According to Colbert King, an American commentator of some “eminence” (which is beginning to gain ground as a synonym for “dickheadedmess” in what an American might call our “back-asswards” era) the supporters of the racist Governor of Alabama, George Wallace,  “smouldered with anger” and these Tea Party maniacs are “smouldering with anger”, so the Tea Party is a racist phenomenon, QED. Well, Colby plainly has a watertight case here: the Tea Party should disband its Nazi self at once and apologise and stop all that silly “smouldering”.

The only slight problem I have with Colbert King’s razor-sharp judgment and his awesome command of logic is that it strikes me as ever-so-slightly, just a tad, a teensie-weensie bit, a-dimple-on-a-pimple-on-a-sandfly’s nuts away from being… well, racist. 
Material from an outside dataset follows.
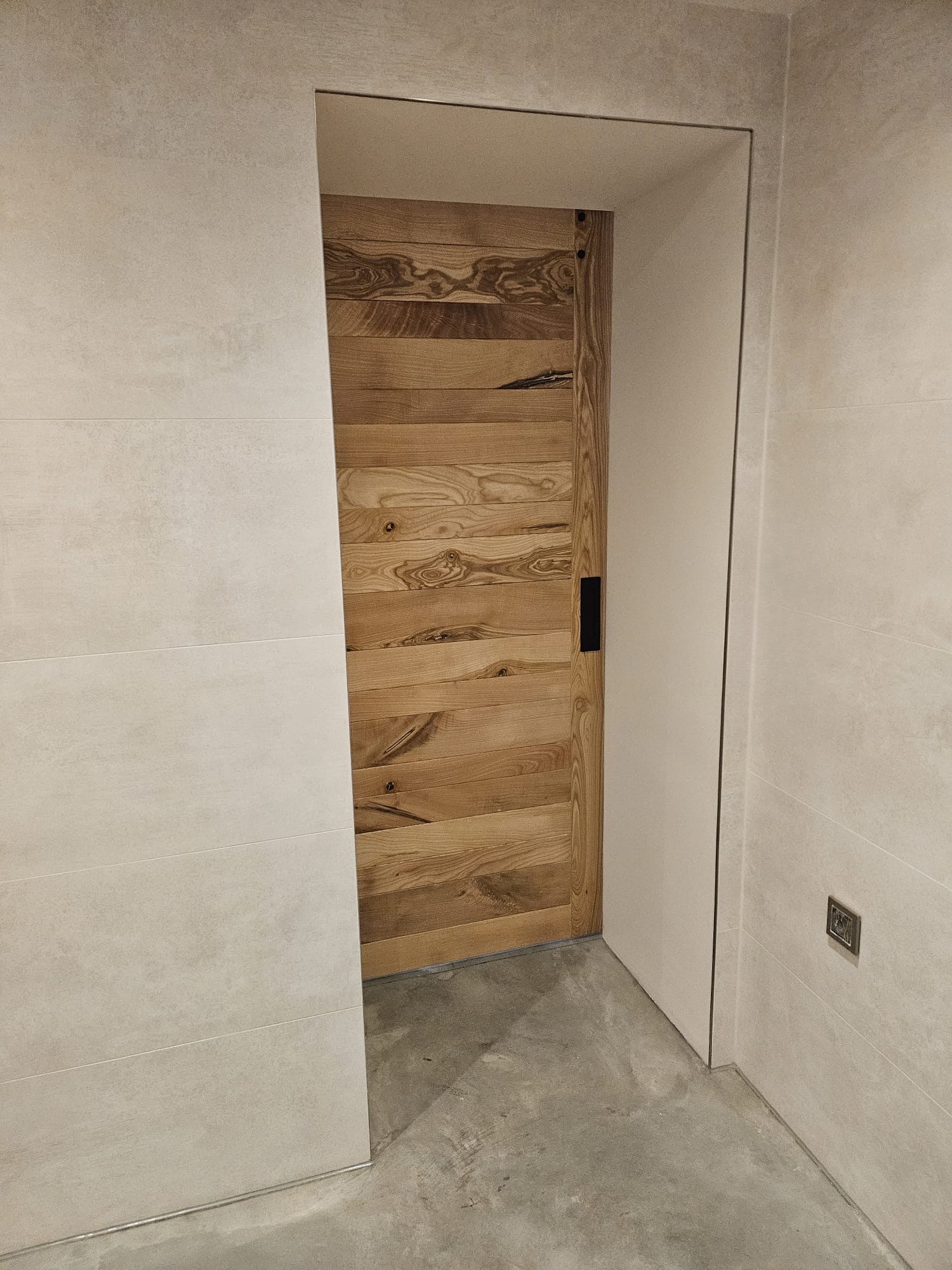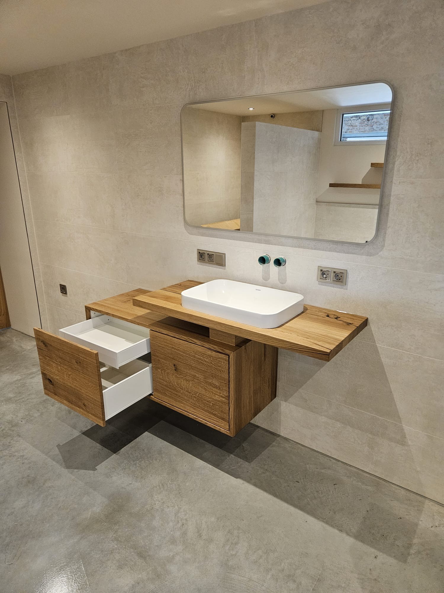 Für dieses Projekt entstanden gleich zwei maßgefertigte Elemente: ein eleganter Waschtisch aus Eiche sowie passende Türen aus Esche. Beide Holzarten überzeugen durch ihre natürliche Maserung und bringen eine warme, hochwertige Atmosphäre in den Raum. Der Waschtisch bietet nicht nur eine stabile und langlebige Basis, sondern ist auch ein optisches Highlight im Badezimmer.

Now, I’d rather burn a cross on my own lawn (if I possessed one - a lawn, I mean) and cut off my own head than ever be accused of making an initial judgment about another human being on the basis of nothing more 57 years of personal experience of how people of various ethnic, geographical, or religious persuasions tend to behave. After all, why would any of us ever make judgements about anything based on something as deceptive and unreliable as what has happened to us in the course of our lives? We have experts and official agencies and government ministers to tell us what to think: and when have any of these sources given us any reason to doubt their judgment? 

Wisdom flows from the state, not individuals: essentially, all judgments should be collective, not personal. It’s the so called Wisdom of Crowds at work here (well, when I say “crowd”, I obviously mean “political class” - you can’t trust us ordinary folk further than you can spit us!).  In the world of social engineering - which is where we all live these days -  belief and fact are the same thing: after all, if you’re a social engineer, our state schools are turning out brighter pupils, crime is falling, and the economy isn’t really jammed down the crapper.
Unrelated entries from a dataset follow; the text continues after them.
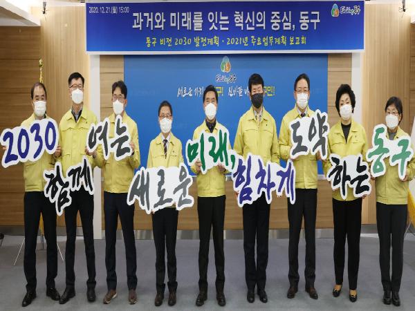 이날 행사는 코로나19 확산 방지를 위해 구청 간부 공무원들로 참석 인원을 최소화해 진행했으며, 균형발전과 혁신성장의 거점 도시를 향한 동구의 재도약을 다짐하는 퍼포먼스로 마무리됐다.
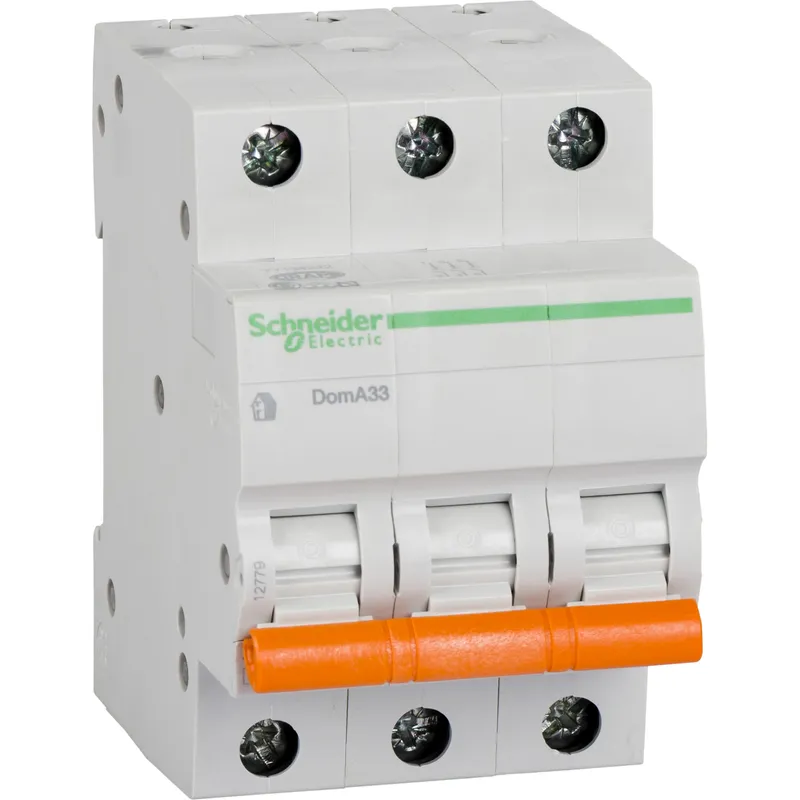 Protección termomagnética contra sobrecargas y cortocircuitos, 3 polos 10 A curva C para riel DIN.
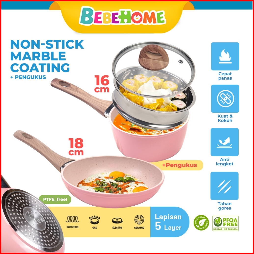 Tifale X Panci Set 2 Pcs Kukus Mpasi Peralatan Bayi Fry Pan Cookware Baby Wajan Granit Anti Lengket
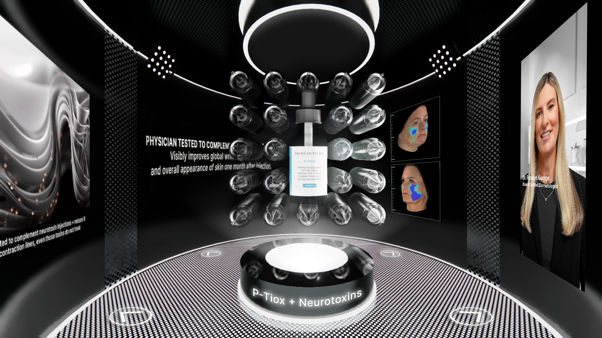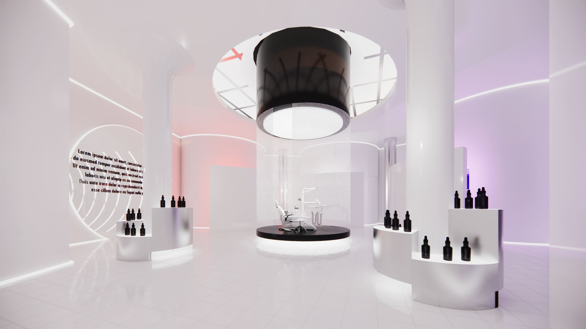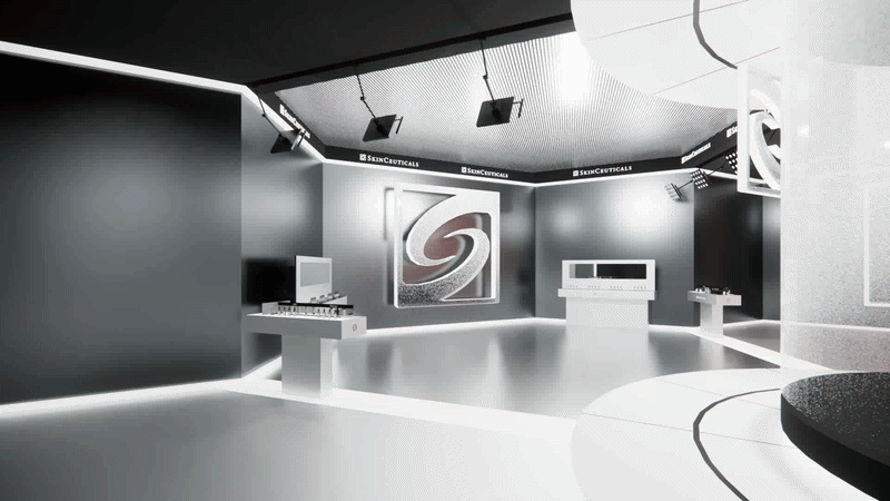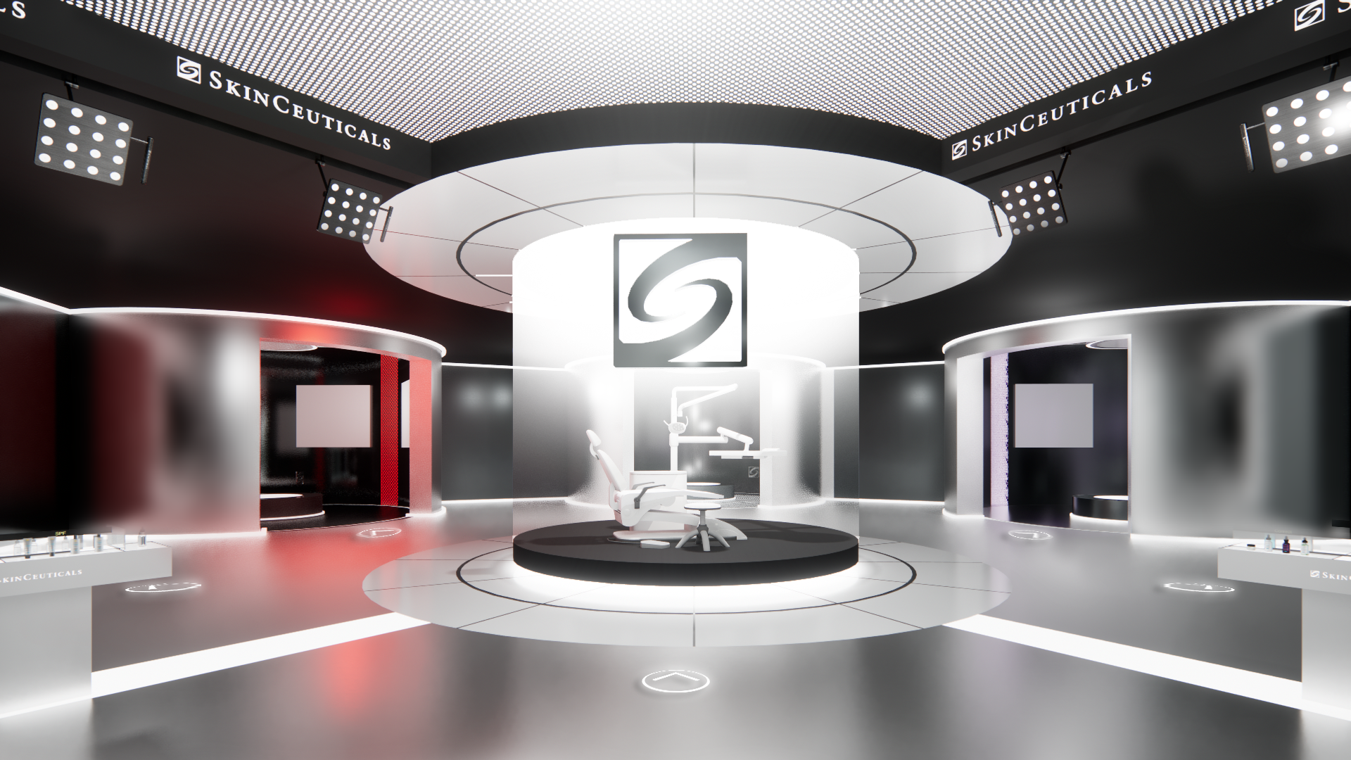 I designed an immersive digital environment modeled after a modern skin clinic. The central consultation space features a clinical chair surrounded by illuminated data displays that visually communicate key skin science insights.

The world should be seen afresh every morning: as we brush our teeth, we should, mentally, be brushing our minds free of the detritus of what experience has “taught” us. If a firm of decorators did a great job for us last time – and they happened to be Polish – how mad it would be to automatically opt for Polish decorators the next time you need something done. If you’ve always had a good experience owning German cars, how utterly foolish it would be to use that as a pretext for buying another BMW or Volkswagen. If the last time you attempted to pat a Rottweiler, it bit off your right hand, what would make you wary of using your left hand to pat the next one you meet (even if it’s called “Slasher”? And if you’ve always had particularly good experiences working with people who graduated from a particular university, or were members of a particular racial group, or hailed from a certain country, or were followers of a certain religion, how ludicrous, how narrow, how grotesquely unfair it would be to show any sort of natural preference for others of their ilk when it comes to hiring someone. 

It would be as deranged as targeting young Muslim males at airport security checkpoints just because “experience” has shown that young Muslim males show a greater propensity than, say, old female Baptists for using planes to commit terrorist outrages. 
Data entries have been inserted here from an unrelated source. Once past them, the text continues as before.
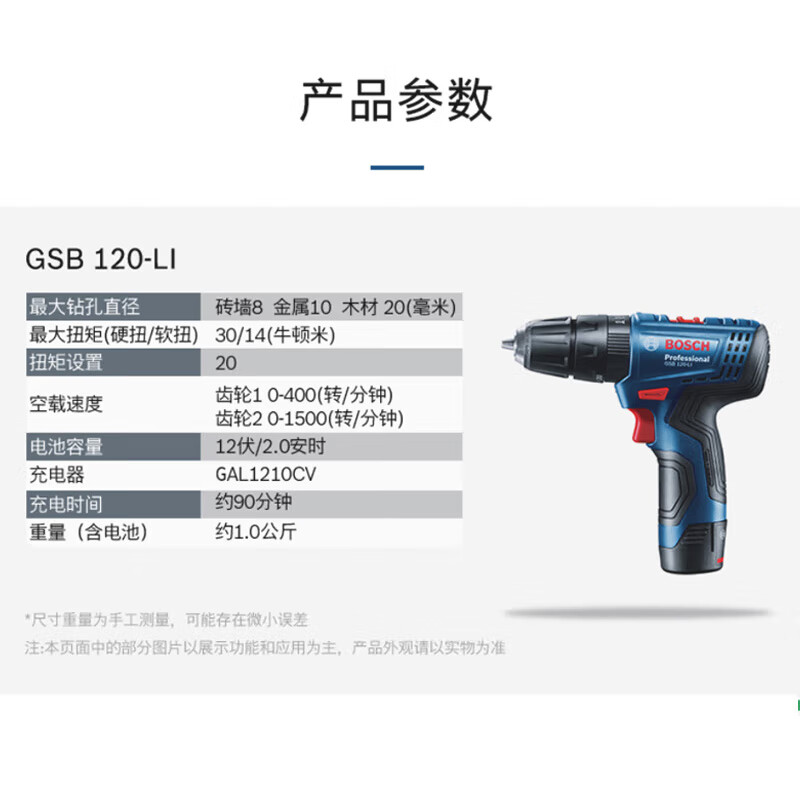 • 商品名称:博世(BOSCH)电钻冲击钻钻墙打孔多功能家用电动螺丝刀GSB120双电版12V锂电 GSB 120 双电版/台
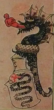 The tale connecting Dietrich to the rescue a man half-swallowed by a serpant or dragon appears to be part of a wide-spread oral tradition about Dietrich. This image first occurs on an exterior frieze at the Alsatian abbey of Andlau (c. 1130/40?) and on the capital of a column in the cathedral of Basel (after 1185): this could be a depiction of this story about Dietrich, but might also be a general depiction of good vanquishing evil.[27] Lienert dismisses these sculptural depictions as unrelated to Dietrich.[19] Another version of the same story is also found in the Thidrekssaga: there Dietrich and Fasolt come across the knight Sintram, Hilderband's nephew, in the mouth of a dragon. Fasolt rescues the Sintram with the use of a sword stuck in the dragon's mouth.[24] Sintram also appears as the name of the man being swallowed by the dragon also in a 15th-century Swiss chronicle, by the Bernese Chronicle of Konrad Justinger, which relocates the action to Bern, Switzerland, and does not include Dietrich's name. It is thus not clear if the motif was transferred onto Dietrich from an independent legend or whether the Swiss version had lost the original connection with Dietrich.[24] In the Virginal, the presence of this story may be connected to the coat of arms of the Visconti, which depicts a man being swallowed by a dragon. The Visconti were in possession of the case of Arona (Arone) at the time of the Virginal's composition, and this is the castle where Rentwin and his father Helferich live.[28] However, this coat of arms is only attested for the Visconti beginning in the fourteenth century.[29] Heinzle dismisses attempts to connect the image to similar stories about Sinbad the Sailor.[29]
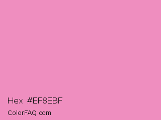 Hex #ef8ebf Color is a light rose color and the nearest color is Pastel Magenta #f49ac2. Hex code #ef8ebf and RGB value is rgb(239,142,191). In RGB color space, this color is composed of 94% red, 56% green, 75% blue, In CMYK color space, this color is composed of 0% cyan, 41% magenta, 20% yellow , 6% black , In HSL color space, this color has a hue angle of 330° , 75% saturation and 75% lightness.
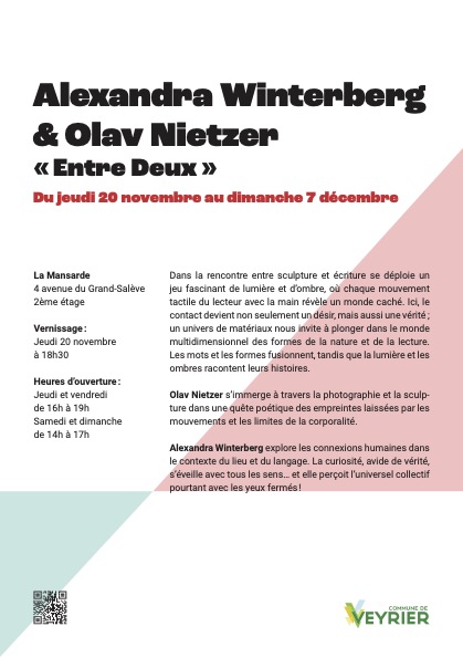 Entre deux – Alexandra Winterberg & Olav Nietzer 20.11.2025 - 07.12.2025 La Mansarde, av. du Grand Salève 4, Veyrier
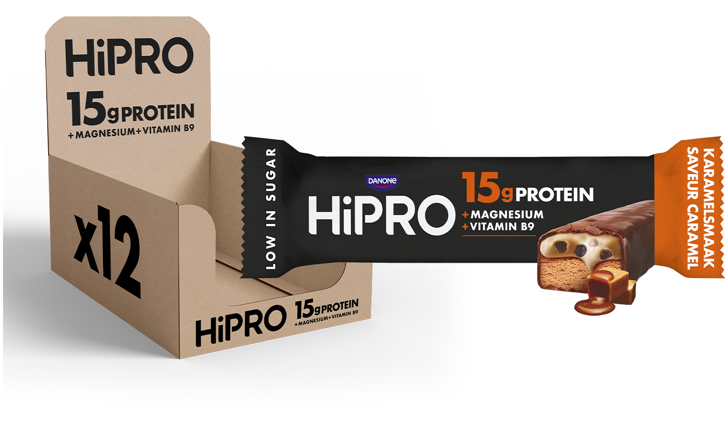 De Danone HIPRO Caramel reep biedt een perfecte balans tussen smaak en voeding. Met 15 gram eiwitten per reep is het een uitstekende keuze voor een sportieve en smakelijke snack.
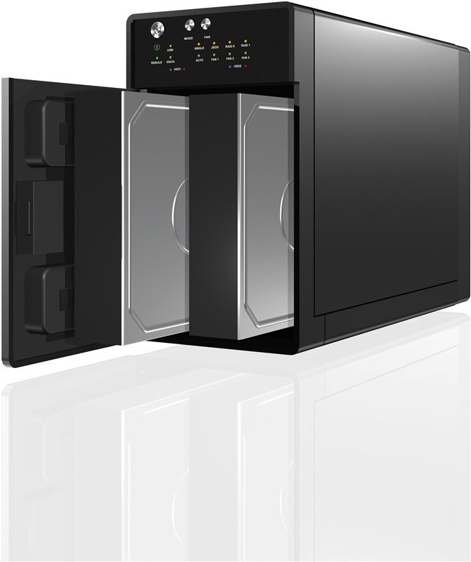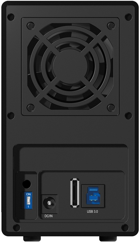 Stilig eksternt RAID-kabinett for to 3,5" SATA-harddisker. På baksiden finner vi DIP-bryteren som avgjør om volumene blir RAID 0/1 eller JBOD. Kobles til med den medfølgende USB 3.0-kabelen eller SATA-kabelen. Boksen kjøles ned av en 60 mm vifte på baksiden.
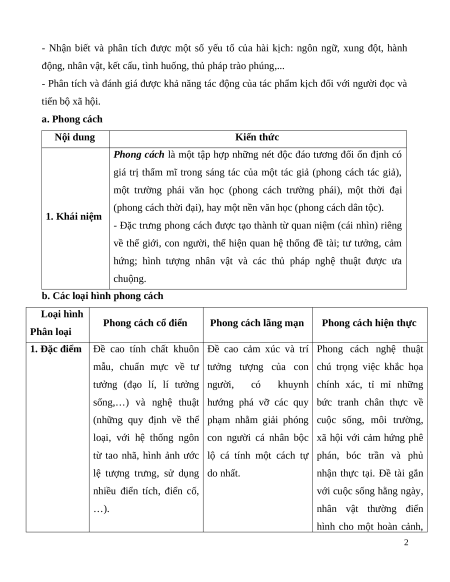 - Phân tích và đánh giá được khả năng tác động của tác phẩm kịch đối với người đọc và tiến bộ xã hội. a. Phong cách Nội dung Kiến thức

A few years ago, after the 7/7 London bombings, and after some self-appointed, self-important “community leader” claiming to represent British Muslims had accused security forces of using the attacks as an excuse to “target” young Muslims, I asked a young Muslim of my acquaintance whether he was upset by this tendency to pick on his co-religionists. He said he positively welcomed it: “I have a wife and child, and I don’t want them to be killed. And I don’t want to die, either. So go ahead, concentrate on those who are most likely to kill us!”

What a racist!

Whenever someone obviously innocent is accused of racism, it reminds me of the most embarrassing mistake to ever happen on my watch during my TV News days (and I was responsible for my share). One night, I was the producer in charge of graphics, which meant I was supposed to make sure that no embarrassing mistakes went out on air.  I’ve worked with some great designers, but a few of them - well, all, actually - tend not to see it as their job to check for sense: if it looks nice on the page, that’s their job done.  On this particularly busy night, an Australia-Pakistan test match score graphic went out with England inadvertently substituted for Pakistan. My fault. (For some odd reason, cricket is a minefield: a colleague once caused the public to be informed that England had lost an ODI against Australia, when it was in fact the other way round - his career stalled, to put it mildly.) 

The first telephone complaint about my mistake was received from a Pakistani gentleman living in London. He accused the BBC of doing it deliberately, because we were all - yes, you guessed it - racists!  Several similar complaints followed. 

Now, at last, I can reveal the truth: we planned it for weeks, me and John Birt and the Head of News and the whole of the BBC Board. Experience would suggest that the BBC is a left-of-centre organisation blindly devoted to egalitarianism in all its forms - but my revelation just goes to show you should never trust experience!